Pergunta para lá de complexa. Um assunto repleto de nuances. A mera resposta a esta indagação não indica necessariamente o grau de sensibilidade que determinado sujeito tem com relação a pandemia em si. O futebol permeia-se de idiossincrasias que podem levar um indivíduo, digamos, amplamente favorável a um ferrenho, a um inquebrantável lockdown, defender que se mostra plausível, sim, o prosseguimento das atividades nos campeonatos estaduais. São muitos os fatores a serem considerados. Lembremos que os Estados Unidos, devastados por números estratosféricos de mortes, foram capazes de erguer o mais bem-sucedido case de isolamento coletivo, de “bolha”, advindo durante este nefasto período que vivemos; playoffs da NBA, Disney, 2020. Pensemos também na adequada solução concatenada pela UEFA na Champions passada – jogos únicos em Lisboa.
Simbolismo
Noves fora uma apreciação mais pragmática acerca dos riscos envolvidos para os artífices das disputas, incluindo os anônimos coadjuvantes que operam nos bastidores, não devemos negligenciar a aura simbólica que o futebol carrega em nossa cultura. Talvez nenhuma atividade seja tão entranhada no cotidiano do brasileiro como o beautiful game. O brilhante Miguel Nicolelis atesta: “se o futebol continua, passa a imagem de que tudo está normal”. Eis um aspecto que não há de ser desprezado.

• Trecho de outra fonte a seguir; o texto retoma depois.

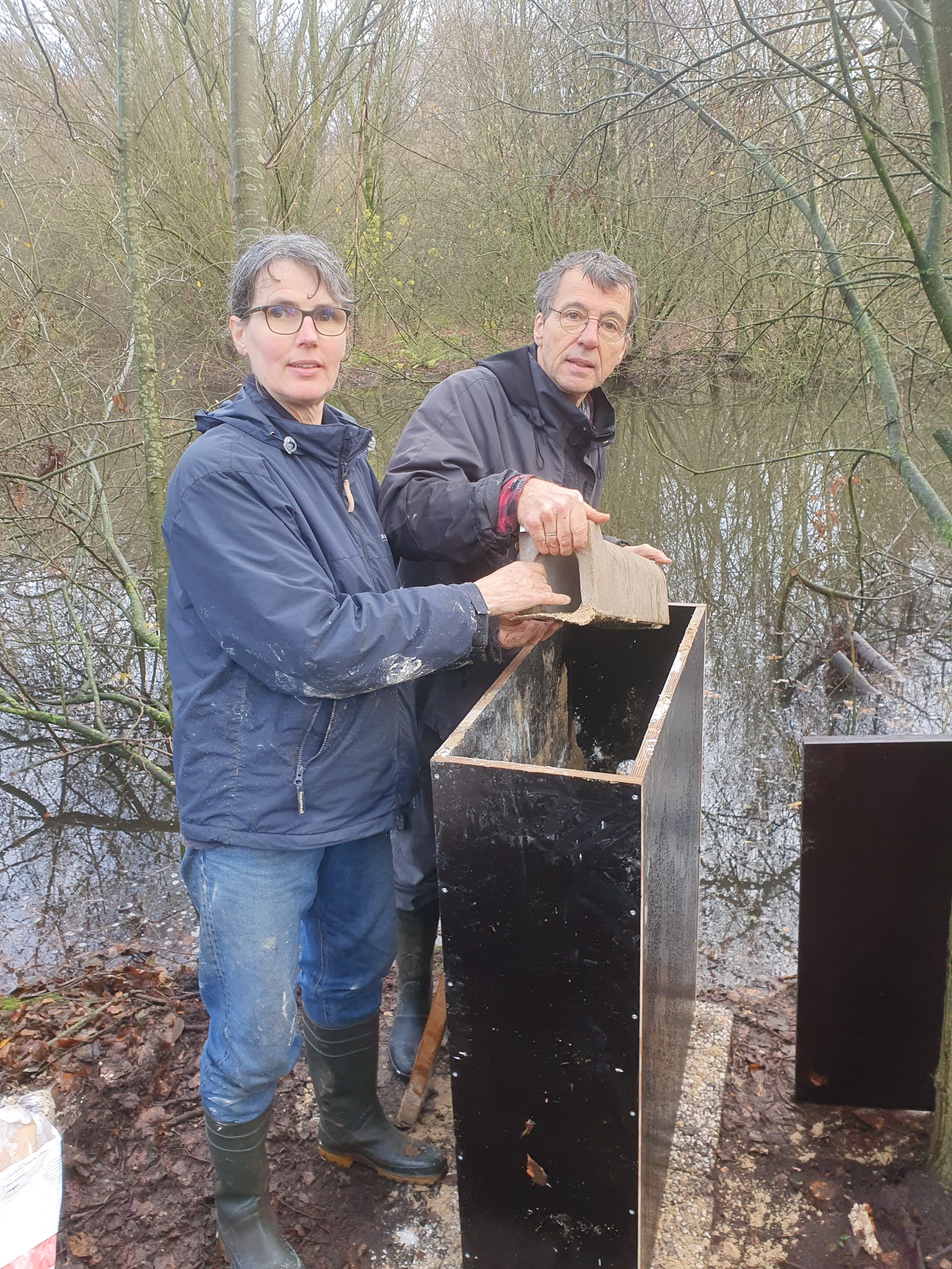 Mitglieder des Heimatverein Bersenbrück e.V. erstellt als Ersatz für die beschädigte Eisvogelröhre , am Feldmühlenteich eine neue Brutröhre

Juca Kfouri, na esteira das reflexões em torno das mensagens não ditas, costuma lembrar da vocação que nossa modalidade revela para sugestionar aglomerações.
Sequelas
Em entrevista ao SportsCenter, da ESPN, Jorge Kalil, ex-médico do Corinthians, salientou faceta importante: a Covid vem produzindo efeitos diversos nos atletas contaminados; uns sentem bastante, outros nem tanto. Estudos apontam para chances altíssimas de sequelas tão graves quanto variadas. E por ser uma moléstia que ataca especialmente o pulmão, parte da nossa engrenagem tão vital para esportistas profissionais, bem-vinda se prova uma cautela até por zelo ao futuro das carreiras em pauta.
Protocolo x realidade
Inegável que, sobretudo no que tange ao universo dos clubes grandes, o futebol goza de um aparato estrutural, até mesmo intelectual – médicos consagrados, fisiologia (...) –, claramente excepcional. Nem todo o esmero no cumprimento de um leque infindável de protocolos, contudo, se aproxima de garantir imunidade. Ainda que se teste com disciplina estoica, a dificuldade de fazê-lo no exato instante em que o exame mostraria a verdade invariavelmente transcende a capacidade de planejar.
Indomáveis
Por mais que se crave – em geral, com razão – que o meio do esporte de alto rendimento se cerca de cuidados quase obsessivos, patológicos; que CTs nababescos permanecem embebidos numa redoma de completa esterilização, pelo que se sabe publicamente, e pelo que apuramos nos bastidores, pelo que podemos imaginar baseados num feeling ancorado em certa jurisprudência, não dá para confiar, em larga escala, que a maioria dos jogadores exala consciência em foro íntimo.
Deslize
Nos gigantes, surtos já assustaram – e não foram raros. Às vezes basta um deslize, de uma só pessoa, para todo um castelo ruir.
Veredito
Expostos pontos contrários e favoráveis à paralisação do futebol – escolha assaz abstrusa –, voto pela suspensão das partidas.